This observational study described the vascular pathophysiological pattern in a cohort of stroke patients and investigated how cerebral SVD and markers of peripheral large and small vessel disease are distributed across TOAST groups. The study found no association between the SVD score and the small vessel occlusion TOAST group (p=0.59), and carotid atherosclerosis (p=0.35), reactive hyperemia index (p=0.39), ankle–brachial index (p=0.20), and estimated glomerular filtration rate (p=0.79) were not associated with TOAST groups. Here are my suggestions:

 

1. The process of carotid ultrasound needs to be briefly described. Inter- and intra-rater reliability extracted from previous studies or the subjects of this study should be presented. The grade of atherosclerosis needs to be clearly stated along with the stenosis percentage range. Was the carotid artery stenosis (i.e. ≥50%) PSV 125 cm/s or greater?

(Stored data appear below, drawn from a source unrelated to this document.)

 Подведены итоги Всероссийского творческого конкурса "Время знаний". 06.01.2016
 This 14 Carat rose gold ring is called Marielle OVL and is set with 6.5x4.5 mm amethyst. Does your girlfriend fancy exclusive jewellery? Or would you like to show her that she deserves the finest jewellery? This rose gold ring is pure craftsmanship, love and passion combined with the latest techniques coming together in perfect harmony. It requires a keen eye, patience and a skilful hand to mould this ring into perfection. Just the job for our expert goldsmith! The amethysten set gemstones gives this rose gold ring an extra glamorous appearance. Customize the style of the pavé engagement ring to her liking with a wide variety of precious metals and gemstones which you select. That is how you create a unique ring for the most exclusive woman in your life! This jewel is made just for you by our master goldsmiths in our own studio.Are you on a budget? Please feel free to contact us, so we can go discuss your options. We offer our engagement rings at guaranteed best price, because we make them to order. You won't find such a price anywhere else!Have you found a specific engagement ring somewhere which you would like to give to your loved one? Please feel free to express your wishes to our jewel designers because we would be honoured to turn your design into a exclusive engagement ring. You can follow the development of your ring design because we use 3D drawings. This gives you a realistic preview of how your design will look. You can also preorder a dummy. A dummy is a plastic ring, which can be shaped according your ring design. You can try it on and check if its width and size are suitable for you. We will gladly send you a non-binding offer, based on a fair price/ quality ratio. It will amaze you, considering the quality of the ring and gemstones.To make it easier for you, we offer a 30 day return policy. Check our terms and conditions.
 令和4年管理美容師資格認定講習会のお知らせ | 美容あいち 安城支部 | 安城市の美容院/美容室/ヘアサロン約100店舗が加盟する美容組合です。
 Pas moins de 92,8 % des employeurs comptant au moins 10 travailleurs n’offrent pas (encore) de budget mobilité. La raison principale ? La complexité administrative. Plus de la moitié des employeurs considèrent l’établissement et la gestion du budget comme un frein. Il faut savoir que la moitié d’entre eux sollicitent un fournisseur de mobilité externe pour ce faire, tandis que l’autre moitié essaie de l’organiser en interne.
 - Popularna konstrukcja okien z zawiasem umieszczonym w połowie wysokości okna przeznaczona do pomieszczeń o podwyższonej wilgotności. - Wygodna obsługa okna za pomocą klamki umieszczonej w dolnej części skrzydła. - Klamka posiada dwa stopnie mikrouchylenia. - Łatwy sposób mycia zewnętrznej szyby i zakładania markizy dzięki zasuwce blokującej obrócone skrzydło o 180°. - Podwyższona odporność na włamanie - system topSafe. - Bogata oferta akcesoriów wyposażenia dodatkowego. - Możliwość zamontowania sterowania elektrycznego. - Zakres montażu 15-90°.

2. Ankle-brachial index is calculated based on BP measurement. Efforts to reduce BP fluctuations should be described. For example, ABI measurements in patients with atrial fibrillation and sinus tachycardia are not reliable.
3. A flow chart for inclusion and exclusion of patients is required.

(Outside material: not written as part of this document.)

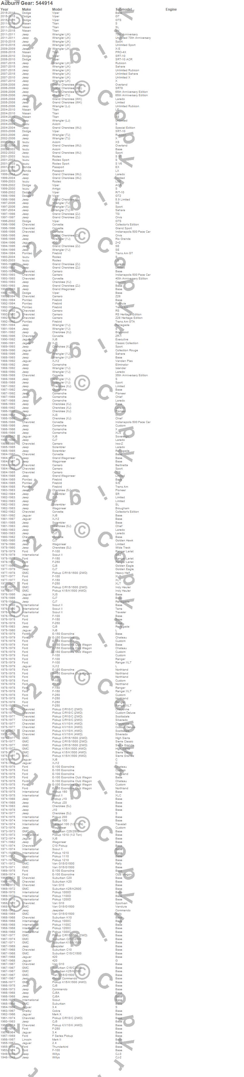 Below is an abreviated list of applications for the Auburn Gear MAX Lock Differential.
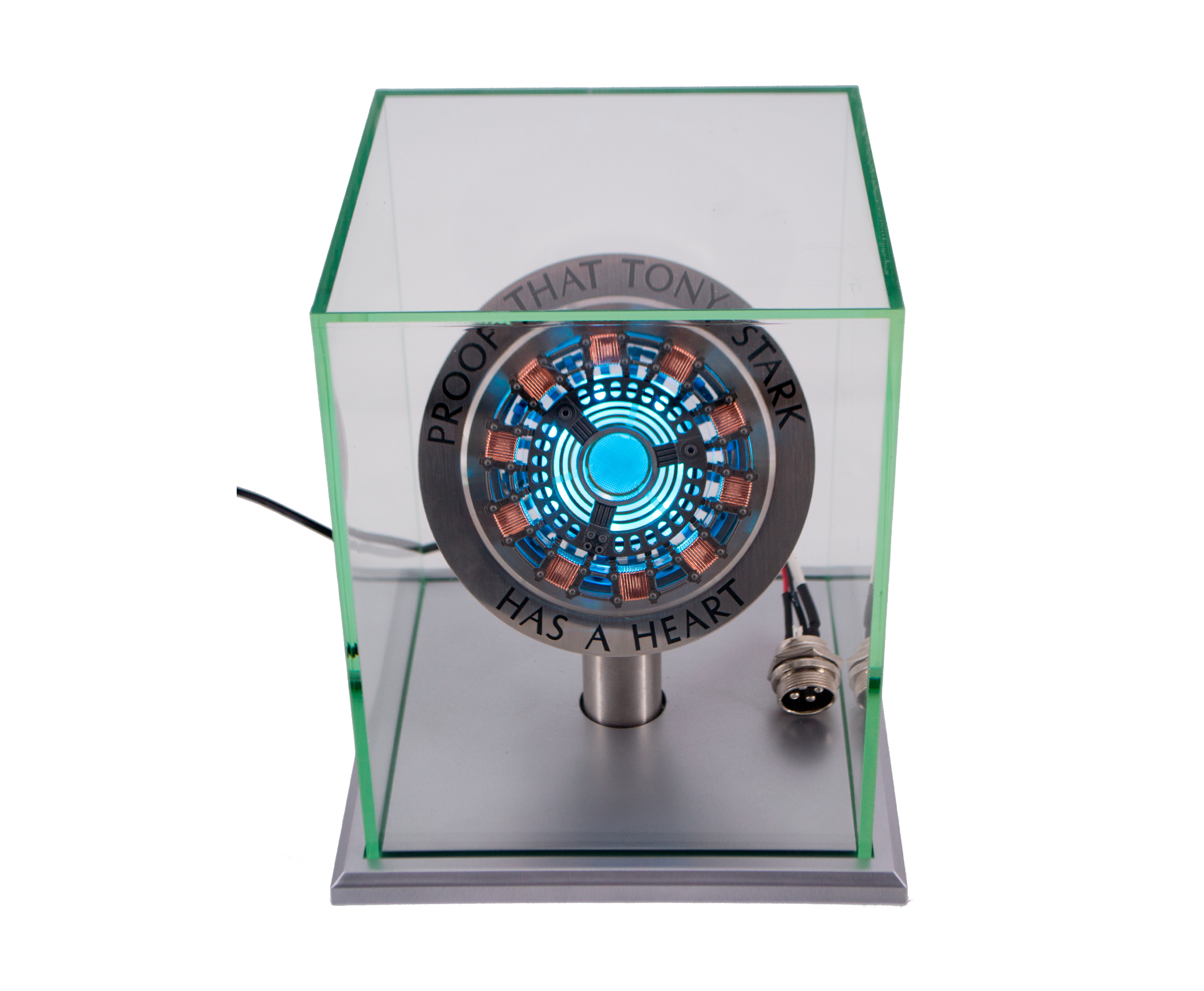 Base decorativa con luz. Modelo corazón de Tony Stark, réplica no oficial, con un tamaño total de 16,5cm x 16,5cm x 19 cm. Hecho en acero y con luz led, se activa por sonido.

4. Large scale studies showed the SVD score was associated with SVO subtype. ABI also has a significantly higher prevalence in patients with LAA or atrial fibrillation. However, this study did not show a statistically significant difference between the stroke subtypes for these. Potential reasons for this appear to be insufficient sample size and unequal number of subjects between groups. The authors require additional statistical methods to overcome this.
5. It is recommended to investigate whether the distribution of peripheral vascular markers differs between TOAST and more sophisticated classifications (SSS-TOAST, CCS, or ASCO).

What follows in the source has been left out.